Мне стало немного грустно. Путешествуя, мы оставляем позади себя случайные знакомства и крепкую дружбу, навеки вбирая в себя рассказы о жизни наших попутчиков. Кто знает, – останься я в Санта-Барбаре, и моя жизнь может навеки измениться. Я еще вполне могу обзавестись мужем и даже родить ему парочку крикливых мальчишек или девчонок. Но нет, у меня уже есть семья: мои родители, мои дети и будущие внуки. К тому же меня, словно магнитом, так и тянет в дорогу, всё дальше и дальше, в другие океаны и острова. Мне до внуков столько еще надо успеть: совершить океанское путешествие, посадить фруктовые деревья и построить во дворе дома детскую площадку для малышей. А больше всего на свете меня сейчас тянет возвратиться в Ялту – пусть совсем ненадолго, на месяц или два, но всё же домой. Наверное, даже у самого заядлого морского бродяги обязательно есть порт, который он называет свои домом.

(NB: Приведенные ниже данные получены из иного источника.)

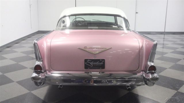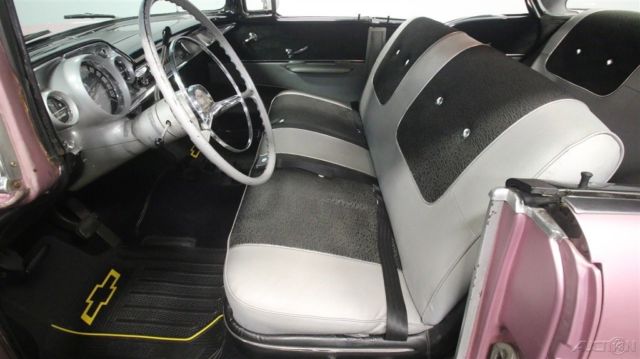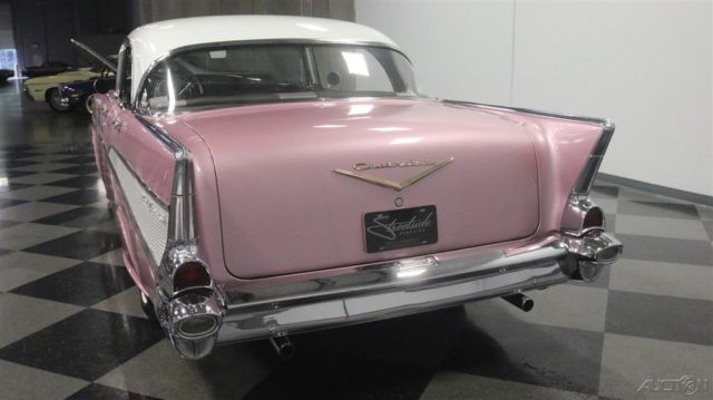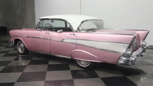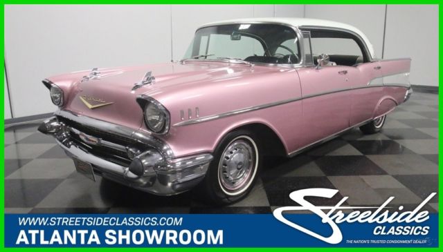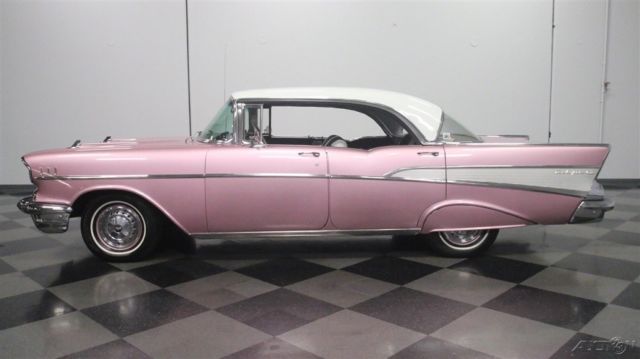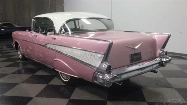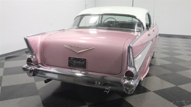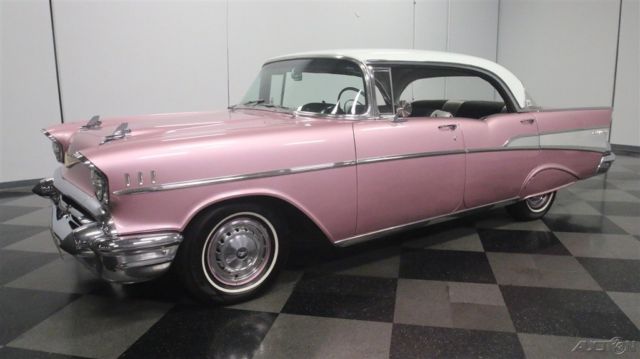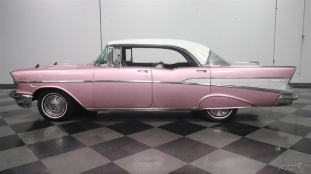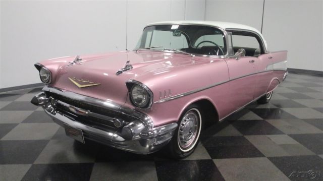 A little original, a little restored, and a lot of personality define this 1957 Chevrolet Bel Air hardtop sedan. It offers fantastic features like that Dusk Rose paint, which is its original color, plus a great-running 283 cubic inch V8, power steering, and plenty of recent work. It's hard to say where the line between original and restored parts is, because this car has an all-of-a-piece look that's quite appealing. No, it's not quite perfect, but the repaint looks great and it has that great look that comes from years of care. The paint accurately represents the original color and while there are signs of use, you can consider all that stuff as badges of honor. The 4-door hardtop styling is almost indistinguishable from the 2-doors unless you count door handles, thanks to some clever styling by the guys at GM and you simply can't go wrong with a '57 of any kind. This is the car's original color combination and it works well on the '50s cruiser, especially with fender skirts and all that chrome, most of which is in very good condition. You're either man enough to handle this Bel Air or you're not, but if you're not, you're really missing out. The interior is nicely restored and very correct, with two-tone gray and black upholstery with funky brocade inserts that are quite correct for 1957. The carpets were replaced at the same time, as well as the door panels, so it all looks quite nice, particularly in back where it has hardly any sign of use. Original gauges look decent and there's a factory AM radio in the center of the dash and miraculously enough, it works like it should. The steering wheel shows some signs of age but no major cracking or crumbling and the bright trim that spans the dash is in excellent shape. Heavy-duty rubber floor mats protect the floors and there's a handy set of cup holders on the transmission tunnel, suggesting that this one was built to cruise. A nicely finished trunk includes nicely tailored black carpets instead of the original rubber mat, plus a full-sized spare with a matching cover and a proper jack assembly. The engine is a 283 cubic inch V8 that looks exactly right under the hood of this Bel Air. It's properly detailed with Chevy Orange paint, a heavy-duty air cleaner, and stamped steel valve covers with Chevrolet script on their faces, a refreshing change from all the over-chromed cars you see a shows. The big air cleaner dominates the top of the engine bay, but you'll also note a correct generator/power steering pump assembly, another desirable option, as well as a windshield washer system. There are plenty of signs of care and maintenance over the years, and it does run and drive well thanks and sounds great burgling through a recent dual exhaust system with glasspack-style mufflers. Backed by a 2-speed PowerGlide automatic transmission, it's fun to drive and eminently practical for the hobbyist with a family. The chassis is fairly original but it's extremely clean with just a light dusting of undercoating to protect the metal. Factory steel wheels with hubcaps are the right choice and carry recent 215/75/14 whitewall radials. Icons don't get much more affordable than this and with several desirable options and a cool color combination, it's a very worthy car for the guy who wants to take it to the next level. Call today!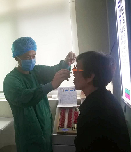 “由于患者雙眼老花,再加上老年人的體質與青少年近視患者不同,術后0.6的視力最符合患者的實際生活需要,患者可從此走出兩幅眼鏡來回換的煩惱。”鄭林副主任解釋到。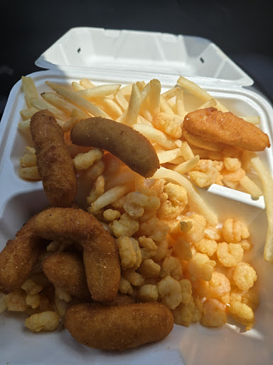 The fries are shoestring fries which were pretty good. The chicken was cooked fresh to serve hot while the batter had a nice salty taste differentiating it from Popeyes or KFC. The pulled pork tasted like it was mixed with a vinegar-based bbq sauce which I didn't find pleasant. The hushpuppies were ok, my wife really liked them. Both the slaw and potato salad were overly-saturated in their respective liquid bases which I didn't like.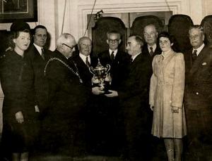 At the end of the War in Europe and the Far East we decided to hold a great Victory Ball in the City Hall on New Year's Eve 1946. There was a great demand for tickets, and for the first time in 7 years we wore evening dress.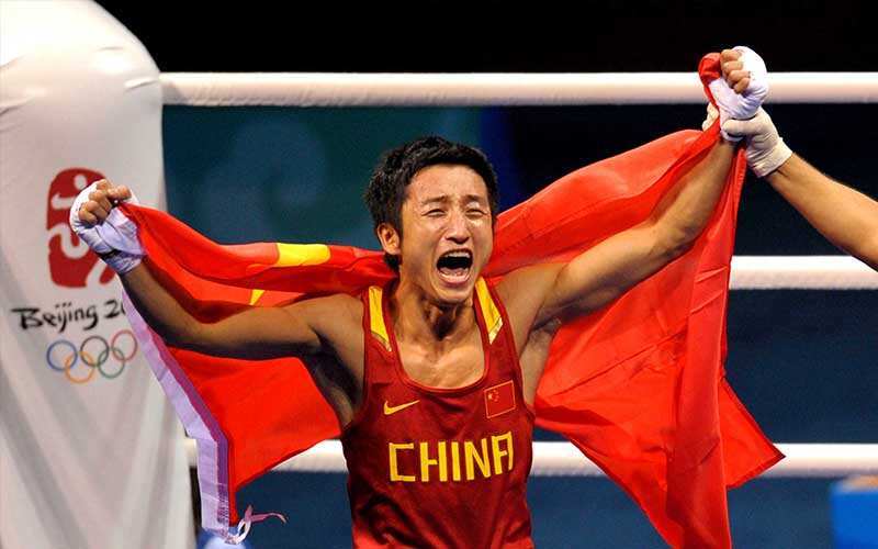 邹市明在泰山拳击台上为中国队获得奥运史上第一枚拳击金牌

Засыпая на пассажирском сидении, я прокручивала в голове недавние события в Сан-Филипе. После нашего знаменательного ужина Джон отправился ночевать к Хосэ. На следующий день, взяв выходной, они вдвоём отправились на экскурсию по местным холмам – разумеется, верхом на лошадях. Мы с Микосом отправились по берегу из Сан- Филипе в соседнюю бухту, где стоял «Флибустьер». Жители деревушки выглядывали из окон и приветливо кивали, узнавая в нас виновников вчерашних событий. С крутого холма спускались козы, растянувшись в линию и ступая вслед друг другу по каменистой осыпи. Дребезжа, раскачивался колокольчик на шее у крупной козы с выменем, полным молока. К девяти часам мы наконец-то добрались до «Флибустьера» и вместе починили отсеки плавучести, залив узкие пеналы жидкой пеной. Волнуясь, Микос выбрал якорь и, подняв парус, направил яхточку к Сан-Филипе. По дороге мы выполнили все базовые элементы судовождения, и я смогла вздохнуть с облегчением: Микос и вправду был настроен очень серьезно. Он мог без ошибки ответить, какие сигналы надо подавать в тумане и при прохождении слепых поворотов судоходного канала, как правильно расходиться с яхтами, рыболовными баркасами и сухогрузами… В Сан-Филипе мы встали на охраняемую стоянку и, заплатив в кассе за полгода, уселись на песке – ждать, когда подъедет Джон. Я косилась на охранника в серой камуфляжной форме с автоматом, всё еще до конца не веря в наличие у него настоящего оружия. В конце концов, это же не военная база… Я морщила лоб, пытаясь вспомнить, как охраняются санатории в Крыму- с автоматами или без? Должно быть, десять лет в Америке заставляют меня ко многому относиться по-другому. Микос расспрашивал меня о Ялте, и я говорила ему, что это – мой дом, куда я всегда буду возвращаться. Он согласно кивал: ему даже странно было подумать, что он может покинуть Мексику насовсем, затерявшись среди островов в чужих странах. Он твердо верил, что, вернувшись назад, он будет окружен жителями города, и они устроят в честь его прибытия фиесту и потребуют подробных рассказов о его путешествиях по океанам. Его совсем не пугал тот факт, что он был первым из своего штата, решившийся стать капитаном. Он говорил:
– Моя мать – из племени Запотеков. Мы верим в бога дождя Тлалока, в Змея-птицу и других богов. Мы просто смотрим на приливы и отливы, на деревья, птиц, землю и животных, и ждем знак. Вот смотри – опять идут козы… Козы петляют по холму, глядя себе под ноги и щипля траву. Бывает, они даже срываются с обрыва, потому что тянутся за более сочным листом у самого края. Иногда козы съедают всю траву, и тогда козы и люди просят Тлалока дать дождя, чтобы склоны холма снова зазеленели. Тогда у коз снова будет молоко, а у людей будет сыр. Но иногда одна или две козы убегают от стада, и пастух их находит на другом склоне холма, – там, где еще много сочной травы… Если стадо так слепо, что боится пройти на другой холм, и лишь одна иди две козы решаются на поиски, – что ж, пастух отпускает этих коз на поиски, а сам ведет за ними стадо. Так лучше для всех: и для коз, и для людей. Иногда люди – как козы… Вот и я пойду первым, и бог Тлалок будет хранить меня, а другие люди потянуться за мной. Бог Тлалока защищает и тебя, ведь ты – часть нашей семьи. Я видел, как мать молилась за тебя утром…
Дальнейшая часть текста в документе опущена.